Wichtig zu wissen: Das bedeutet jedoch nicht, dass grobe Pflichtverletzungen in Dänemark generell sanktionsfrei wären. Disziplinarrechtliche oder strafrechtliche Verfahren laufen außerhalb des Meldesystems weiter.


Patientennahe Entschädigungslösung


Bemerkenswert ist, dass diese Fehlerkultur nicht isoliert steht.
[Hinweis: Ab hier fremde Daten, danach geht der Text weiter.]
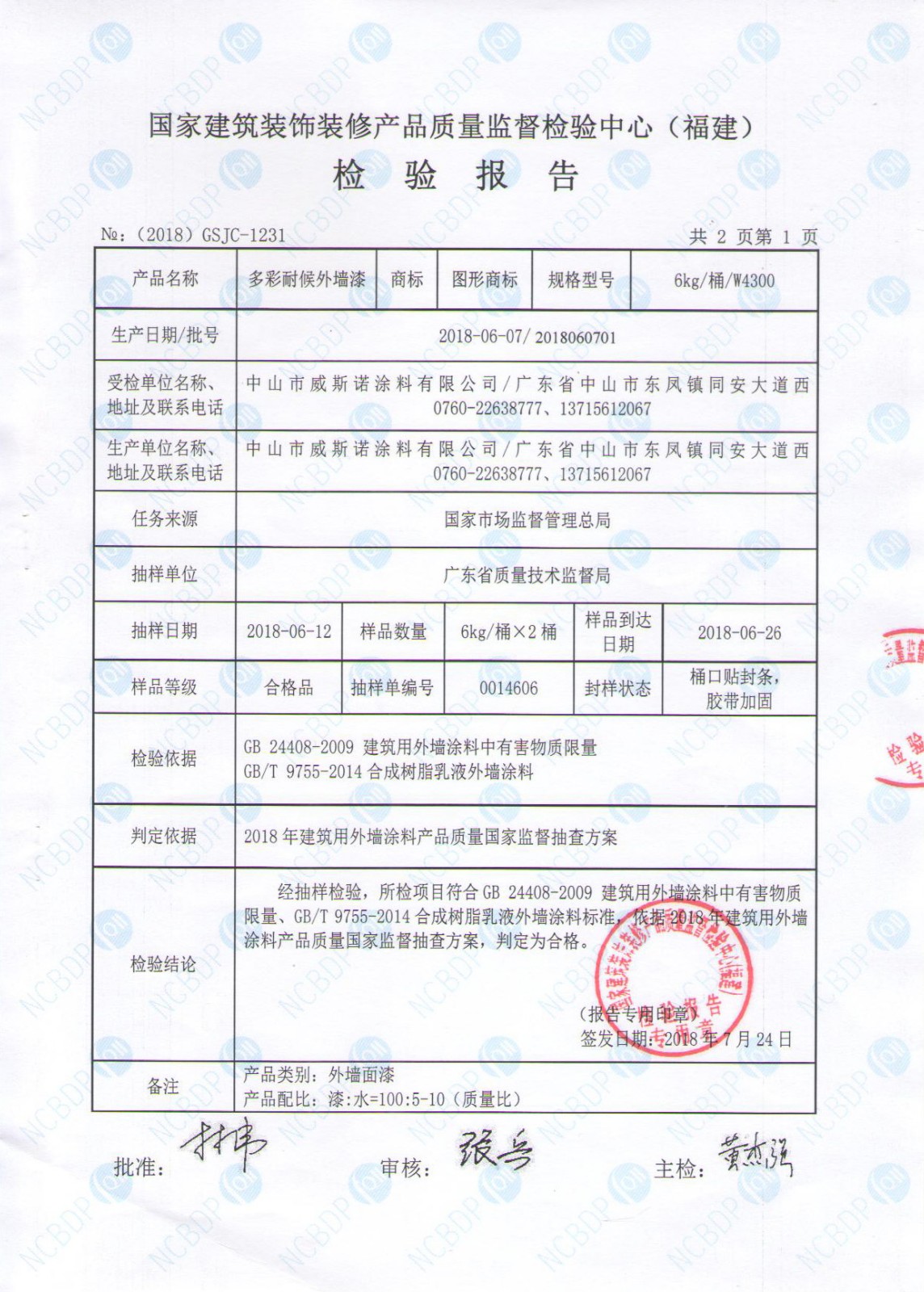 2018年國(guó)家市場(chǎng)監(jiān)督管理總局對(duì)我司生產(chǎn)建筑用外墻漆產(chǎn)品【多彩耐候外墻漆6kg/桶/W4300】進(jìn)行抽檢查驗(yàn)。
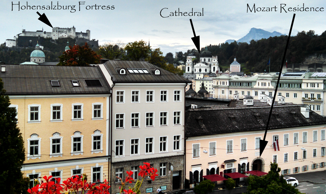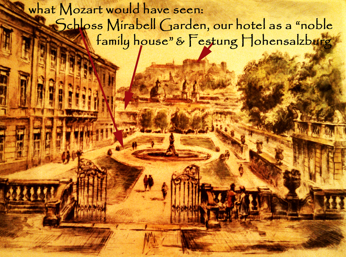 It was perfect: we stayed at the Bristol Hotel. The photo on the left shows the view from our small balcony. The hotel has been in business only since the 1890s, when it was the first “electricity hotel”– but the foundation of the original structure was laid by Paris Londron, one of the more famous of the Prince-Bishops of Salzburg, in 1619. It was remodeled many times during the nearly three centuries that it was the “home of several noble families.”
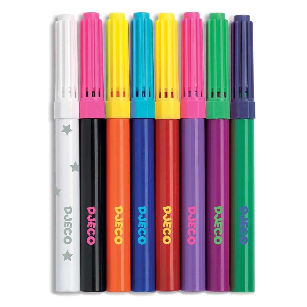 Σετ ζωγραφικής με μαγικούς μαρκαδόρους (εφέ αλλαγής χρώματος) από την γαλλική εταιρεία Djeco. Ιδανική κατασκευή με μαρκαδόρους για παιδιά μικρής ηλικίας. Ζωγραφίστε ελεύθερα τα σχέδια και ντύστε τα κορίτσια. Στην συνέχεια κόψτε το περίγραμμα! Η κατασκευή σας είναι έτοιμη και χωρίς ατέλειες. Μπορείτε να τα χρησιμοποιήσετε ως διακοσμητικά για το κολλάζ σας.
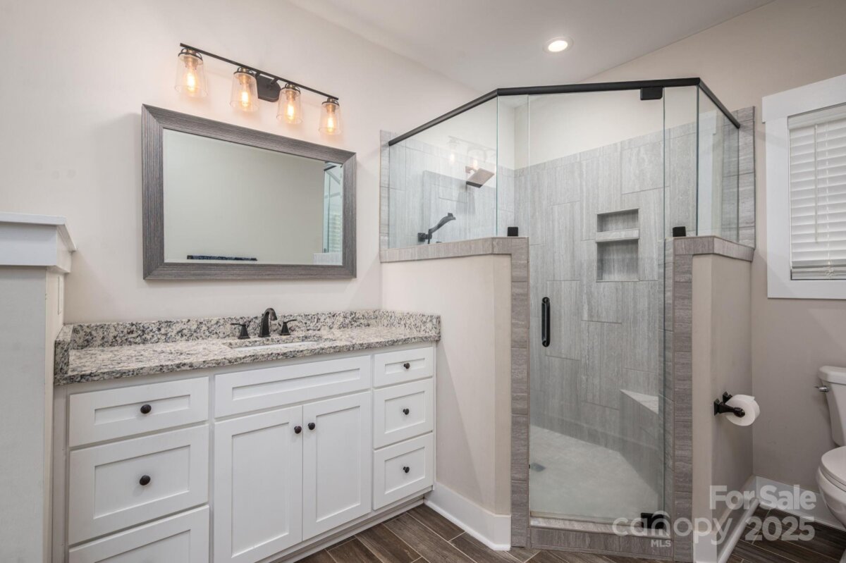 Discover this like-new picture picture-perfect ranch home in the Brytewood community! Built in 2021, this home offers a natural light-filled open floor plan, hardwoods, and designer touches throughout. The stunning kitchen features a generous pantry, granite countertops, custom cabinetry, and a large island, making entertaining effortless. The primary suite provides ultimate comfort with a soaking tub, glass shower, dual vanities, and a customized walk-in closet. A charming screened porch is perfect for those Carolina evenings, and extends the living space outdoors. Notice the quality craftsmanship and thoughtful layout, creating the best blend of classic style and functionality. Conveniently located, you will find a peaceful reprieve, yet be within minutes of Lincolnton or Hickory for shopping, dining, and unlimited amenities.

Parallel existiert in Dänemark ein staatlich organisiertes Entschädigungssystem für Patient:innen, das unabhängig von einem Gerichtsverfahren greift:

  • Patient:innen müssen kein individuelles Verschulden nachweisen.

  • Maßgeblich ist, ob die gesetzlichen Voraussetzungen für eine Entschädigung erfüllt sind (etwa wenn ein vermeidbarer Behandlungsfehler vorliegt oder ein außergewöhnlich schwerer Schaden eingetreten ist).

  • Das Verfahren läuft verwaltungsrechtlich, nicht über klassische Zivilprozesse.

  • Der Rechtsweg bleibt möglich, wird aber vergleichsweise selten beschritten.

Das System gilt international als vergleichsweise niedrigschwellig.


Während das Meldesystem dem Lernen dient, ermöglicht der Entschädigungsfonds eine vergleichsweise niedrigschwellige Wiedergutmachung. Beide Instrumente ergänzen sich – Transparenz und Ausgleich werden nicht gegeneinander ausgespielt.


Der lernorientierte Ansatz hat die Sicherheitsdebatte im dänischen Gesundheitswesen maßgeblich beeinflusst. Das dänische Modell gilt international als Beispiel für eine stärker systemorientierte Fehlerkultur. Transparenz wird dort nicht als Risiko verstanden, sondern als Voraussetzung für Vertrauen und Verbesserung.


Deutschland - der Wille fehlt


Im Unterschied dazu fehlt in Deutschland bislang eine vergleichbar verbindliche, gesetzlich verankerte und sektorübergreifende Struktur zur zentralen Meldung und unabhängigen nationalen Auswertung schwerwiegender Behandlungsfehler. Entschädigung, Fehleranalyse und institutionelles Lernen sind hierzulande nicht in gleicher Weise miteinander verzahnt. Das dänische Modell zeigt, dass ein anderer Weg möglich ist – wenn Transparenz gewollt ist.